Das Akronym wurde Ende der 2000er Jahre von einer feministischen Bloggerin als „absichtlich technisch neutrale Bezeichnung“[4] geprägt, mit der sich cis Radikalfeministinnen von trans-exklusiven Ansätzen abgrenzen wollten.[5] Viv Smythe, die als Urheberin des Akronyms gilt, erklärt, der Begriff sei nicht beleidigend gemeint gewesen und betont, dass sie mit vielen trans-inklusiven Radikalfeministinnen produktiv zusammengearbeitet habe.[6] 2008 analysierte Smythe radikalfeministische Standpunkte und schuf mit TERF eine Bezeichnung für Gruppen, die trans Personen aus ihrem Feminismus ausschlossen. Radikalfeminismus konzentriert sich darauf, gesellschaftliche Ungleichheitsverhältnisse aus patriarchalen Strukturen zu analysieren. Ein Fokus liegt dabei beispielsweise in der Beseitigung bestehender Geschlechterrollen und damit verbundener Hierarchien.[7]

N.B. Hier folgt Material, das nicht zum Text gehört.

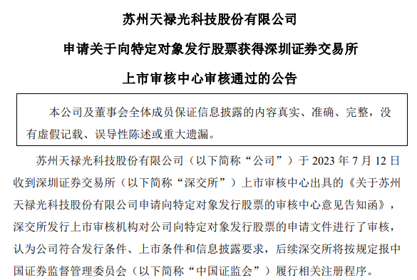 7月13日,天禄科技(301045.SZ)12日晚间披露公告,公司收到深交所上市审核中心出具的《关于苏州天禄光科技股份有限公司申请向特定对象发行股票的审核中心意见告知函》。 天禄科技本次发行对象为梅坦,系公司的控股股东、实际控制人之一。
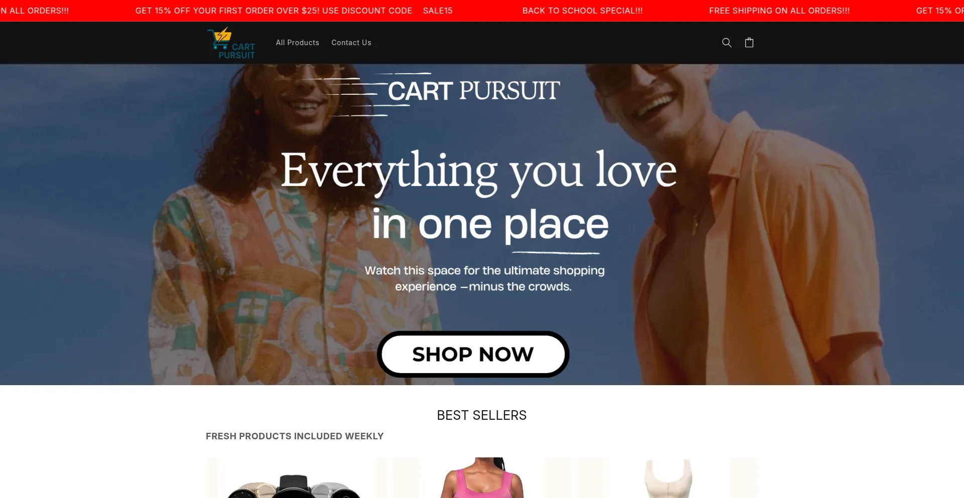 Our analyzer determines that website cartpursuit.com is using Shopify CMS. Shopify is a popular e-commerce platform, powering around 4.4% of websites globally.
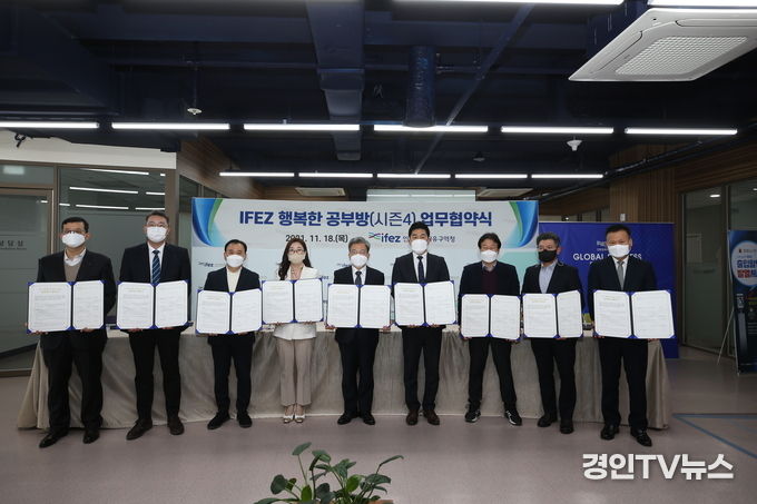 인천경제자유구역청은 18일 송도국제도시 G타워에서 ‘IFEZ 행복한 공부방-시즌4’ 업무협약식을 개최했다고 밝혔다. 이날 협약식에는 이원재 청장을 비롯 시즌4에 참여하는 IFEZ 입주기업, 초록우산어린이재단 관계자 등이 참석했다.
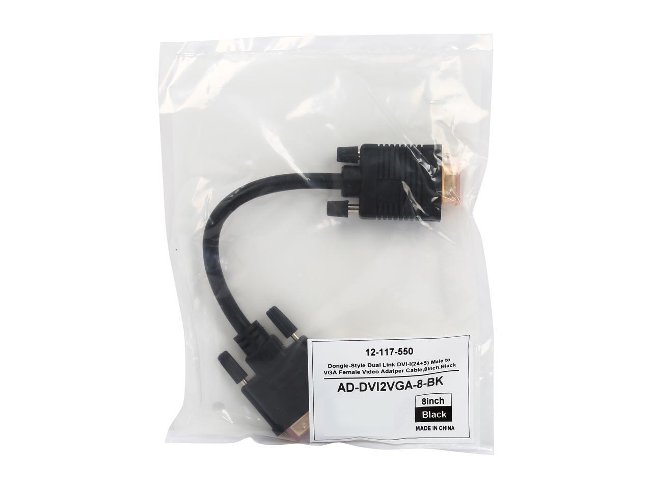 Coboc AD-DVI2VGA-8-BK Dongle-Style 8 inch Black Color Dual Link DVI-I(24+5) Male to VGA Female Analog Video Adatper,Gold Plated,M-F
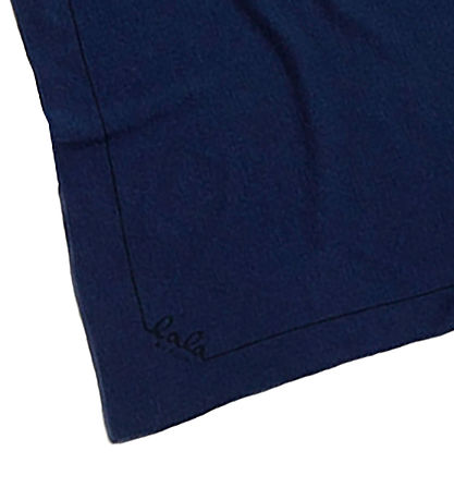 Adorable Écharpe Lala Berlin bleu foncé avec une étroite bande noire tout autour du bord, et à la pointe il est écrit " Lala Berlin".
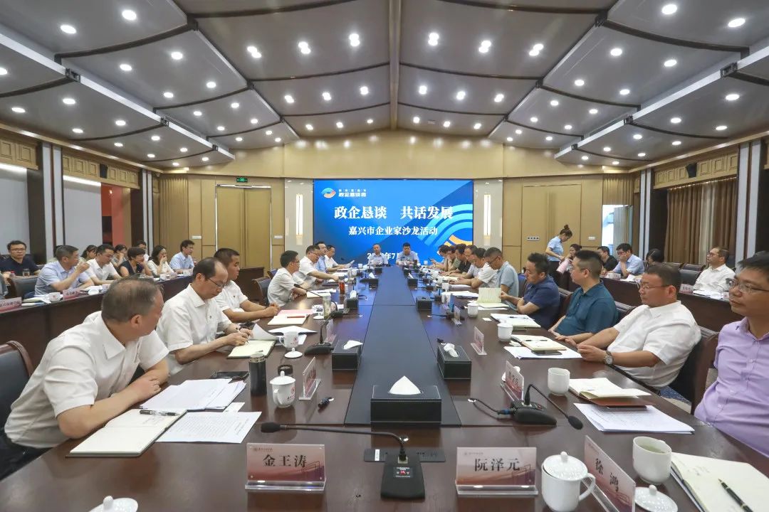 7月14日下午,由市工商联、开云官方入口 共同承办的嘉兴市“政企恳谈 共话发展”企业家沙龙活动在我校举行。市委常委、统战部部长李小平,市政协副主席、校党委书记盛付祥出席,活动由市政府副秘书长王荣主持,市发改委、经信局、科技局、财政局、人社局、税务局、金融办、工商联有关负责人和浙江凯鸿物流、恒丰工具、振石控股集团、桐昆集团、新凤鸣集团等27家龙头企业负责人参加活动。
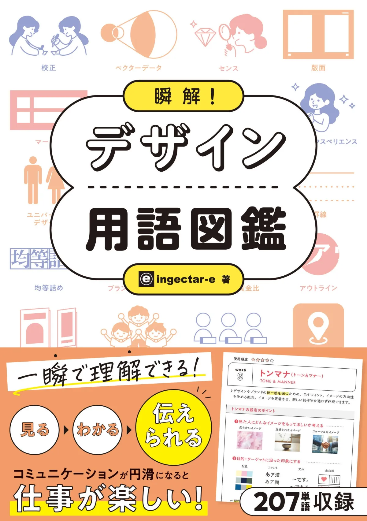 著者のingectar-eは、デザイン業界で広く知られた存在で、数多くのヒット作を持つプロフェッショナル。彼らは、デザインに必要な基本用語や概念、およびそれを含む様々な要素・技法を、豊富なイラストと共に提供しています。

Die Bezeichnung TERF wird häufig online und vor allem von trans-inklusiven Feministinnen verwendet. Von trans-exklusiven Aktivistinnen, die ihn als misogyne Beleidigung sehen, wird er abgelehnt.[8] Die Bezeichnung wird inzwischen auch auf transfeindliche Personen und Gruppen angewandt, die sich nicht als radikalfeministisch verstehen, was auch unter trans-inklusiven Feministinnen zu Debatten über die Begriffsverwendung führte.[8] Als die Verwendung von „TERF“ 2013 in Sozialen Medien an Popularität gewann, begann die Anwältin und Aktivistin Elizabeth Hungerford die Bezeichnung „gender critical“ („genderkritisch“) zu popularisieren, die inzwischen zu einer verbreiteten Selbstbezeichnung der als TERFs Bezeichneten avanciert ist.[9] Im direkten Zusammenhang mit dem Ausschluss von trans Personen durch TERF steht häufig auch der Ausschluss von Sexarbeiterinnen aus ihrem Verständnis von Feminismus und wurde mit der Bezeichnung „SWERF“ (Sex Worker Exclusionary Radical Feminism „Sexarbeiterinnen ausschließender Radikalfeminismus“) geprägt.[10]

Debatte um „TERF“ als Beleidigung

Viele der als TERF Bezeichneten sehen in der Bezeichnung eine misogyne Beleidigung. In Reaktion auf einen Artikel in der Zeitschrift Philosophy and Phenomenological Research beschwerten sich beispielsweise sieben britische und australische Philosophinnen, dass „TERF im schlimmsten Fall eine Beleidigung („slur“) und bestenfalls abwertend“ sei, um Lesben, die „das dominante Narrativ zu Trans-Fragen nicht teilen“, zu verunglimpfen und abzutun.[11] Judith Suissa und Alice Sullivan stellen die Bezeichnung in eine Reihe mit historischen Versuchen, Frauen abzuwerten und zum Verstummen zu bringen. Die Bezeichnung werde im Englischen als Ersatz für Schimpfwörter wie witch, bitch oder cunt verwendet.[12] Auch Faika El-Nagashi bezeichnet TERF als „ein Schimpfwort, eine Attacke“.[13]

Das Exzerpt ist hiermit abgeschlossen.